Implications & Future Research
Focus: Stanate (Stannsoporfin)
Stanate (Stannsoporfin) is in late-stage development at WellSpring pharmaceuticals and is being used for the treatment of neonatal jaundice and prevention of kernicterus (“Compassionate Use of Stanate ™ “, 2013). Stanate’s mechanism of action specifically inhibits the enzyme that blocks the conversion of heme into bilirubin. Since Kernicterus is attributed to high levels of bilirubin, this drug is aimed to stop this excess production. Tin mesoporphyrin IX dichloride is the chemical compound that is being investigated for use in infant jaundice. This drug, given by injections, specifically targets heme oxygenase 1 and 2, which are involved in the cleavage of heme in order to be converted to bilirubin. It is mainly executed when the neonate has very high bilirubin levels and is failing phototherapy. Also, it is used when a family refuses exchange blood transfusion for religious purposes. The results of the clinical trial demonstrated that the use of this drug significantly lowered blood bilirubin levels, and resulted in fewer and shorter uses of phototherapy, compared with placebo (“Compassionate Use of Stanate ™ “, 2013).

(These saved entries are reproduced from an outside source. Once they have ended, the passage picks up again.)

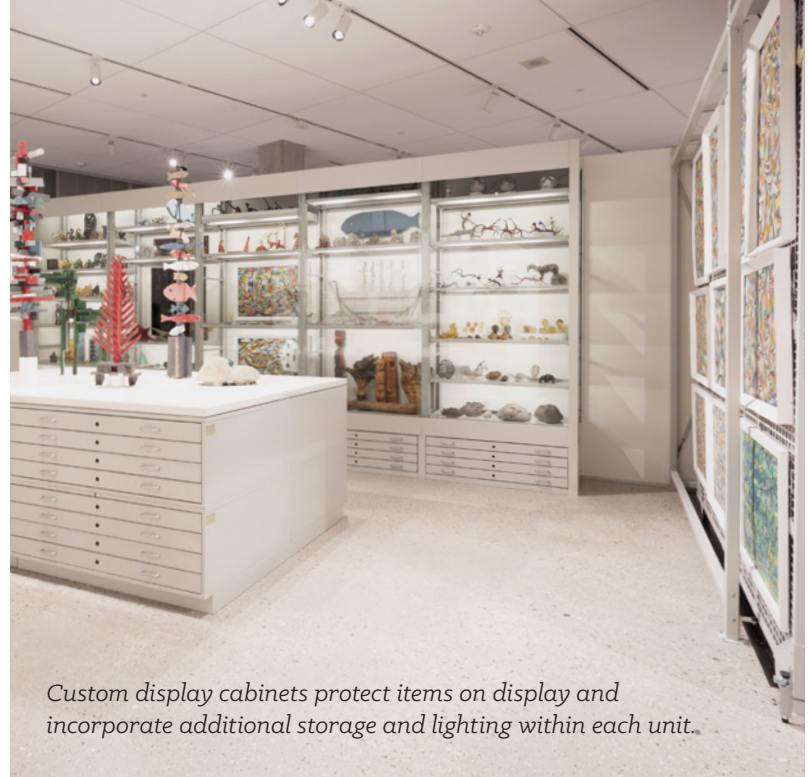
Custom display cabinets protect items on display and incorporate additional storage and lighting within each unit.

The Art Preserve creates an immersive environment while also protecting collections.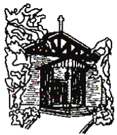
st. cecilia church lagunitas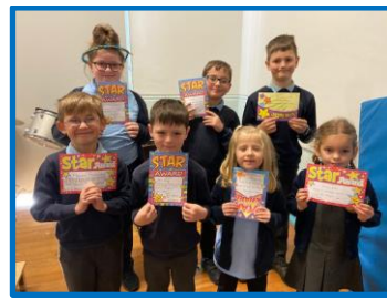
Our Star of the Week winners.

We just wanted to take this opportunity to say a big THANK YOU for all your support in our fundraising efforts so far this year. We raised £206.58 for the Poppy Appeal and £122.48 for Children in Need.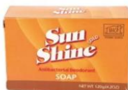
Two bath-size bars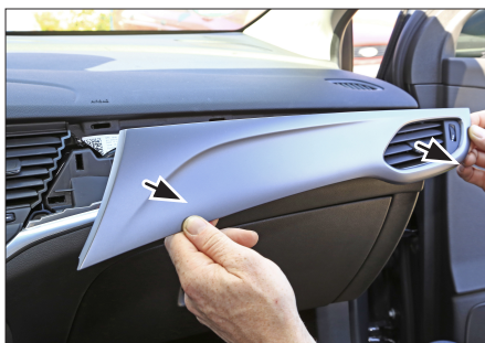
2. Remove front panel at the right side (see arrows)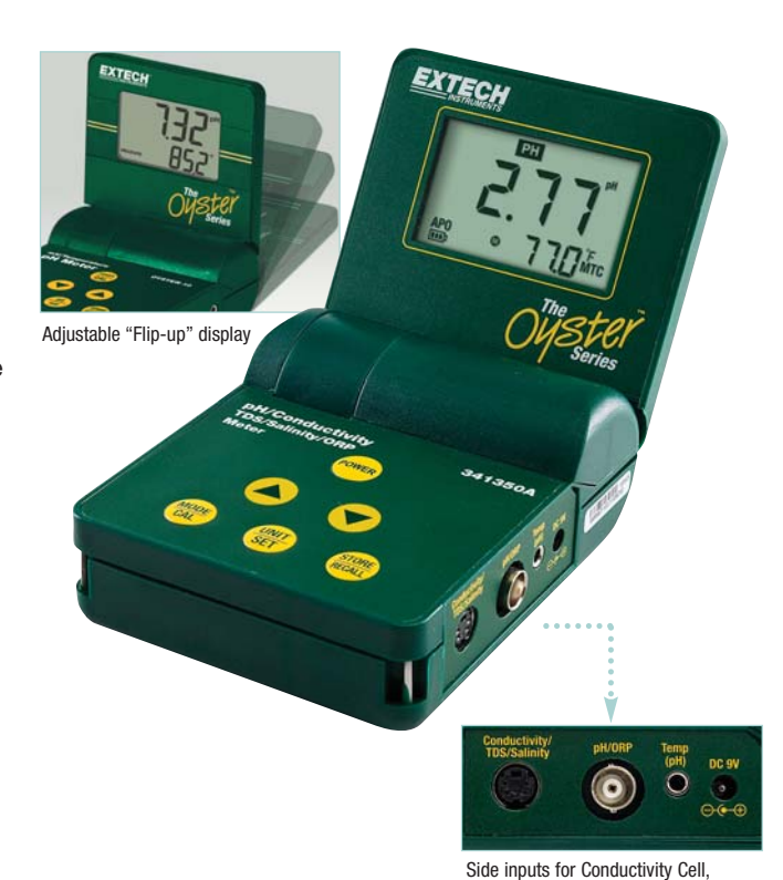
pH/ORP probe, Thermistor probe, and AC Adaptor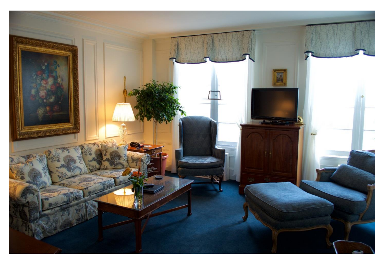
The living room of the "Classic Suite" with a center view overlooking the gardens. The resort has 29 Stickley furnished accommodations each uniquely appointed (10 suites have two bedrooms).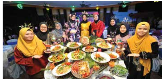
9 of the main signature dishes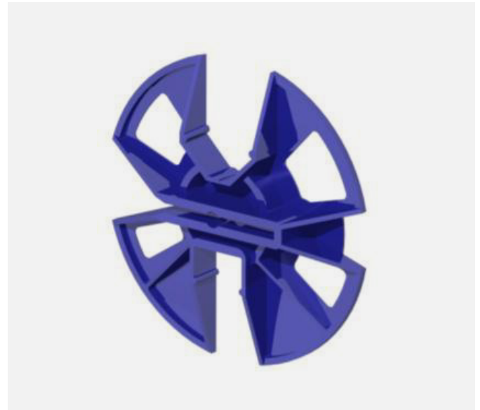
ACS Multi-Purpose Insulation Retaining Clip

The Two Part Tie allows a separate inner section to be built into the block or internal leaf, leaving a short slotted connection exposed for the connection of the outer sections, which are installed during the construction of the outer leaf. The standard inner sections are available in two standard lengths, either 170mm or 220mm in length to suit a maximum insulation board thickness of 70mm or 120mm consecutively (alternative lengths are available upon request). The Two Part Tie requires an embedment of 62.5mm into the bed joint in both leaves. The outer sections are available in a range of lengths to suit cavities from 150 - 400mm.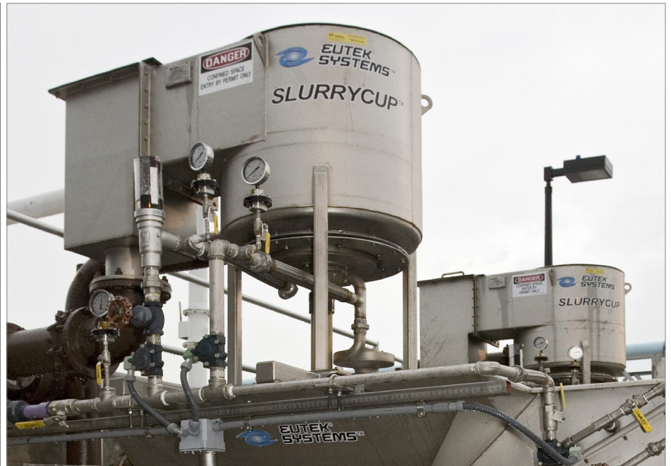
Confidential Plant - Florida

Focus: Glycerin suppositories
Glycerin suppositories are a form of laxatives, normally used to relieve constipation. A study using glycerine suppositories was conducted to determine if it would reduce jaundice in premature infants with respect to decreasing exposure to phototherapy (“Glycerin Suppositories to Reduce Jaundice in Premature Infants”, 2012). This randomized, double-blind study incorporated 75 premature babies with physiological hyperbilirubinemia between the ages of 30-35 weeks. This was developed based on previous research showing that delayed meconium (earliest stool of infant) evacuation is a contributing factor to persistent neonatal jaundice. Several studies have been performed, but the results are inconclusive. One study found that a subgroup of male infants with blood group type A displayed a lower mean total serum bilirubin level after induction of earlier meconium with glycerine suppositories. However, in a different study, randomized groups were given glycerine at 12 hours of life, and bilirubin levels were followed for the first 7 days of life. This did not have an effect on serum bilirubin levels in the first 7 days. In the clinical trial through the University of Rochester, total serum bilirubin levels dropped by 0.7 mg/dL when glycerine suppository was employed (“Glycerin Suppositories to Reduce Jaundice in Premature Infants”, 2012). This trial has now been completed, and glycerin being mainly used for constipation, as no concrete evidence fully supports this method in regards to neonatal jaundice.